Sebelumnya Ar-Rajjal adalah sahabat Musailamah yang pernah bersaksi bahwa dia pernah mendengar Rasulullah ﷺ menyatakan bahwa Musailamah telah mendapatkan wahyu seperti nabi. Akibat kesaksian palsunya itu orang terlaknat ini memiliki andil besar dalam menyesatkan penduduk Yamamah. Hingga akhirnya penduduk Yamamah mengikuti Musailamah, semoga Allah melaknat keduanya. Bahkan ar-Rajjal pernah datang menghadap Rasulullah ﷺ dan sempat membaca surat al- Baqarah. Pada waktu terjadi pemurtadan besar-besaran, Abu Bakar mengutusnya kepada penduduk Yamamah untuk berdakwah menyeru mereka kepada Allah agar mereka tetap setia di atas Islam. Namun akhirnya ia turut murtad bersama Musailamah dan bersaksi bahwa Musailamah adalah nabi.
Saif bin Umar meriwayatkan dari Thulaihah dari Ikrimah dari Abu Hurairah dia berkata, “Suatu hari aku duduk di sisi Rasulullah saw. bersama seke-lompok orang. Di tengah kami hadir ar-Rajjal bin Anfawah.
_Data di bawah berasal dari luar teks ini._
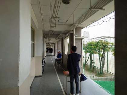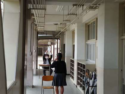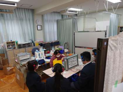 廊下では、視力検査が行われています。その時に教室では、学年ごとに取り組みが。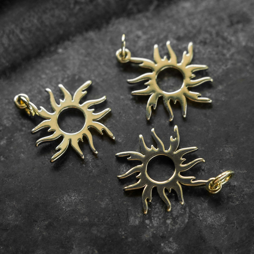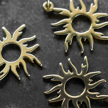 Подвеска с колечком в форме солнца, выполнена из латуни. Устойчивое покрытие.

Nabi bersabda, “Sesungguhnya di antara kalian ada seseorang yang gigi gusinya di neraka lebih besar daripada gunung Uhud.”
Kemudian aku perhatikan bahwa seluruh yang hadir telah wafat, dan yang tinggal hanya aku dan ar-Rajjal. Aku sangat takut menjadi orang yang disebutkan oleh Nabi tersebut hingga akhirnya ar-Rajjal keluar mengikuti Musailamah dan membenarkan kenabiannya. Sesungguhnya fitnah ar-Rajjal lebih besar daripada fitnah yang ditimbulkan oleh Musailamah.” Hal ini diriwayatkan oleh Ibnu Ishaq dari gurunya dari Abu Hurairah [171]
Pasukan Khalid telah dekat, formasi pasukannya; di depan dipimpin Syarhabil bin Hasanah, sementara di sayap kiri dan kanan Zaid dan Abu Hudzaifah. Pasukan Islam yang terdepan yang lebih dahulu menemui musuh berjumlah sebanyak 40 prajurit ada yang mengatakan 60 prajuruit penunggang Kuda di malam hari dibawah pimpinan Majja’ah bin Murarah. Kali ini ia berangkat untuk membalas dendam terhadap Bani Tamim dan Bani Amir. Kemudian ketika kembali kepada kaumnya ia dan teman-temannya ditangkap oleh kaum muslimin dan dibawa kepada Khalid. Seluruhnya minta pengampunan Khalid, namun Khalid tidak percaya bahkan memerintahkan seluruhya dibunuh kecuali Majja’ah. Ia dibiarkan hidup dalam keadaan terikat di sisi Khalid karena keahliannya dalam siasat perang. Apalagi ia merupakan pemimpin yang dimuliakan dan dipatuhi oleh kaumnya.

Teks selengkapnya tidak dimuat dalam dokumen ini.